La Déesse avoit dans ses mains des choses fort différentes ; elle portoit en sa droite un sistre d’airain, dont la lame étroite et courbée en forme de baudrier, étoit traversée par trois verges de fer, qui, au mouvement du bras de la Déesse, rendoient un son fort clair. Elle tenoit en sa main gauche un vase d’or, en forme de gondole, qui avoit sur le haut de son anse un aspic, dont le cou étoit enflé et la tête fort élevée ; elle avoit à ses pieds des souliers tissus de feuilles de palmier. C’est en cet état que cette grande Déesse, parfumée des odeurs les plus exquises de l’Arabie heureuse, daigna me parler ainsi.
Je viens à toi, Lucius, tes prières m’ont touchée, je suis la nature, mère de toutes choses, la maîtresse des élémens, la source et l’origine des siècles, la souveraine des divinités, la reine des manes, et la première des habitans des cieux. Je représente en moi seule tous les Dieux et toutes les Déesses ; je gouverne à mon gré les brillantes voûtes célestes, les vents salutaires de la mer, et le triste silence des enfers. Je suis la seule divinité qui soit dans l’univers, que toute la terre révère sous plusieurs formes, avec des cérémonies diverses, et sous des noms différens. Les Phrygiens, qui sont les plus anciens et les premiers hommes, m’appellent la mère des Dieux, déesse de Pessinunte. Les Athéniens, originaires de leur propre pays, me nomment Minerve Cécropienne. Chez les habitans de l’isle de Cypre, mon nom est Vénus de Paphos. Chez les Candiots, adroits à tirer de l’arc, Diane Dictinne. Chez les Siciliens qui parlent trois langues, Proserpine Stygienne. Dans la ville d’Eleusis on m’appelle l’ancienne déesse Cérès, d’autres me nomment Junon, d’autres Bellone, d’autres Hécate, d’autres Némésis Rhamnusienne ; et les Ethiopiens, que le soleil à son lever éclaire de ses premiers rayons, les peuples de l’Ariane, aussi-bien que les Egyptiens qui sont les premiers savans du monde, m’appellent par mon véritable nom, la reine Isis, et m’honorent avec les cérémonies qui me sont les plus convenables.
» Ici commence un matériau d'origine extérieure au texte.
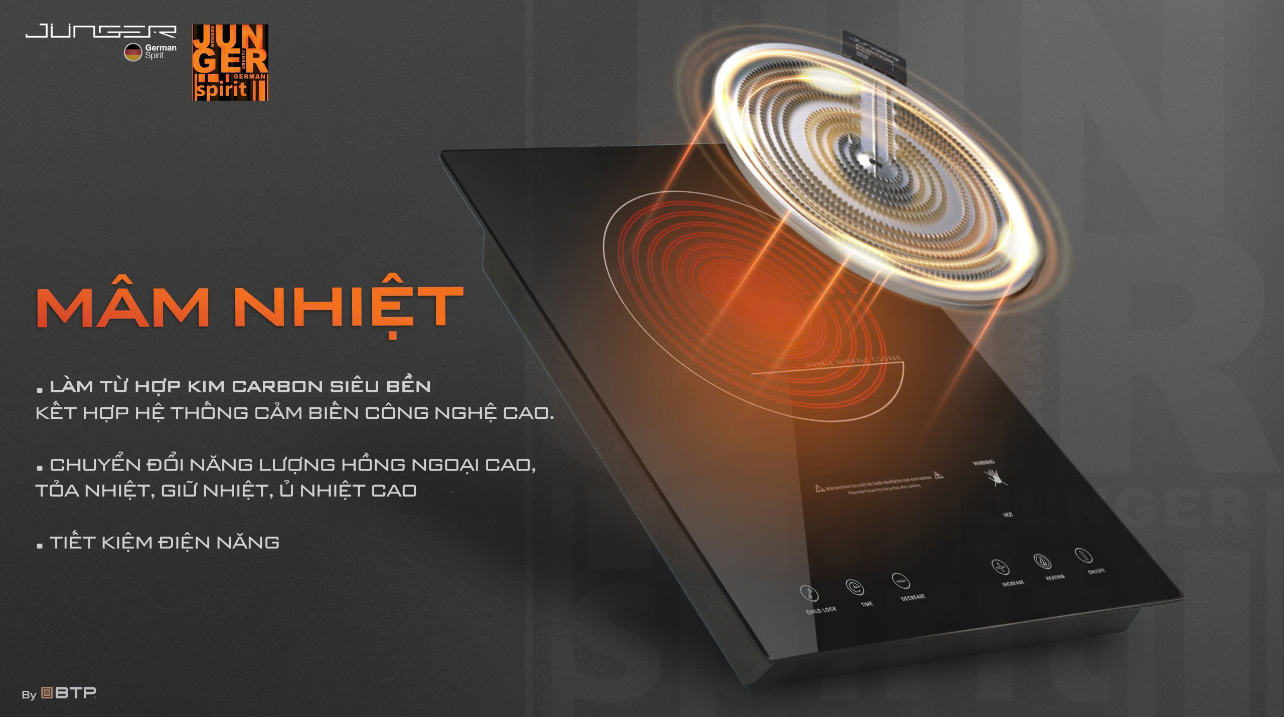 Bếp Junger IS-19 sở hữu mâm nhiệt đường kính 20cm, sử dụng hợp kim Carbon siêu bền. Kết hợp với cảm biến nhiệt công nghệ cao cho tốc độ làm nóng siêu nhanh, khả năng giữ nhiệt lâu, ủ nhiệt cao, từ đó giúp tiết kiệm điện năng tối đa.

Apulée, L’Âne d’or ou Les Métamorphoses

Et on en arrive à Nerval, et à ce passage où il rencontre Isis (toujours elle) dans Aurélia : 

Il me semblait que la déesse m’apparaissait en me disant : « Je suis la même que Marie, la même que ta mère, la même aussi que sous toutes les formes tu as toujours aimée. A chacune de tes épreuves j’ai quitté l’un des masques dont je voile mes traits, et bientôt tu me verras telle que je suis ». 

Gérard de Nerval, Aurélia

L’amour, l’authenticité, la vulnérabilité.